Alzheimer’s disease (AD) is a neurodegenerative condition that progresses over decades. Early detection of individuals at high risk of future progression toward AD is likely to be of critical significance for the successful treatment and/or prevention of this devastating disease. In this paper, we present an empirical study to characterize how predictable an individual subjects’ future AD trajectory is, several years in advance, based on rich multi-modal data, and using modern deep learning methods. Crucially, the machine learning strategy we propose can handle different future time horizons and can be trained with heterogeneous data that exhibit missingness and non-uniform follow-up visit times. Our experiments demonstrate that our strategy yields predictions that are more accurate than a model trained on a single time horizon (e.g. 3 years), which is common practice in prior literature. We also provide a comparison between linear and nonlinear models, verifying the well-established insight that the latter can offer a boost in performance. Our results also confirm that predicting future decline for cognitively normal (CN) individuals is more challenging than for individuals with mild cognitive impairment (MCI). Intriguingly, however, we discover that prediction accuracy decreases with increasing time horizon for CN subjects, but the trend is in the opposite direction for MCI subjects. Additionally, we quantify the contribution of different data types in prediction, which yields novel insights into the utility of different biomarkers. We find that molecular biomarkers are not as helpful for CN individuals as they are for MCI individuals, whereas magnetic resonance imaging biomarkers (hippocampus volume, specifically) offer a significant boost in prediction accuracy for CN individuals. Finally, we show how our model’s prediction reveals the evolution of individual-level progression risk over a five-year time horizon. Our code is available at


Alzheimer’s Disease (AD) is the most common type of dementia among the elder population, accounting for nearly 70% of all dementia patients [1] and ranking as the seventh leading cause of death in the United States [2]. Many mechanisms in the development of AD have been uncovered by decades of experimental and clinical studies [35], but the jigsaw is still unsolved. In the realm of AD, public and private databases [610] serve as important resources for the application of machine learning algorithms that help characterize disease heterogeneity [11], guide therapy [12], and develop and evaluate potential treatments [13, 14]. An area where machine learning can play a crucial role is the prediction of future clinical decline at the individual level, which can inform clinical and other life decisions.
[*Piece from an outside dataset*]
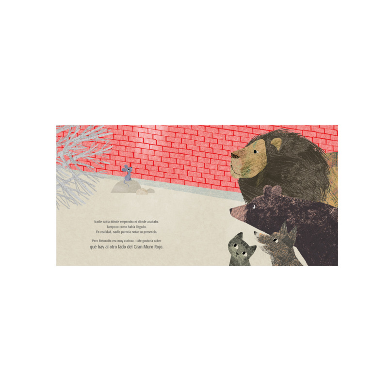 Ratoncita se enfrenta a un gran muro rojo que la separa de lo desconocido. Con valentía, decide cruzarlo, descubriendo un mundo lleno de sorpresas y nuevas posibilidades.
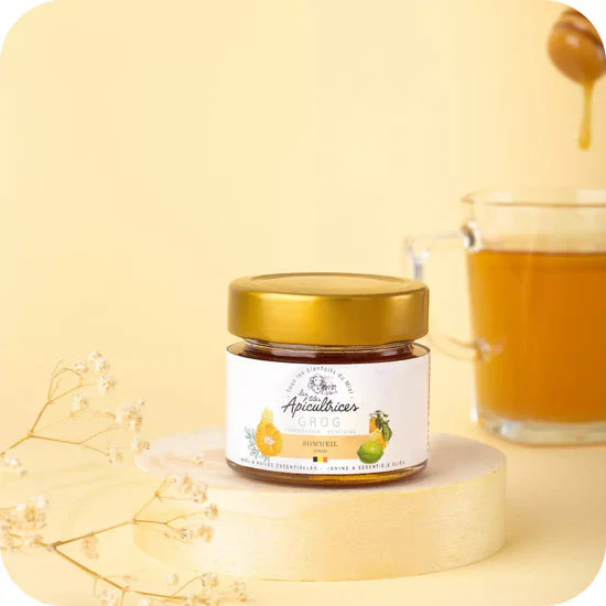 Le Grog Sommeil est une préparation à base de notre miel belge, pensée pour être diluée dans de l’eau chaude et savourée en boisson en soirée.

Clinically, in the context of Alzheimer’s disease, individuals are classically grouped into one of the following three stages: cognitively normal (CN), mild cognitive impairment (MCI), and AD dementia. MCI is considered a high-risk, transitionary stage between healthy aging and dementia. Future clinical decline toward dementia is considered to be more predictable in those with MCI than in CN individuals [15, 16]. As our results further corroborate, CN-to-MCI conversion is inherently a more difficult prediction problem than MCI-to-AD conversion. The vast majority of the published studies dealing with individual-level future decline predictions with machine learning focus on early detection of MCI-to-AD conversion [17].

There is growing literature showing factors, including certain biomarkers, that predict progression from CN to MCI [18, 19]. This work has converged to suggest that the risk associated with specific factors is relatively small, and requires a long follow-up to observe the effect. Furthermore, papers tackling the CN-to-MCI conversion prediction problem with machine learning have been relatively limited [20, 21]. Thus, there is a need to understand what combination of variables can yield accurate individual-level predictions; and whether the significance of the variables changes as a function of disease stage (e.g., CN or MCI at baseline).

Many prior studies have primarily focused on building models that predict future conversion within a specific time horizon, e.g., three years [22, 23]. Although some of these studies test their modeling strategy for variable follow-up years, they do this by training new models for each time horizon. Studies that utilize survival (event-time) models can, in theory, make predictions for any future time-point [24], yet, they need to make strong assumptions about the evolution of the underlying hazard function, which might potentially limit performance.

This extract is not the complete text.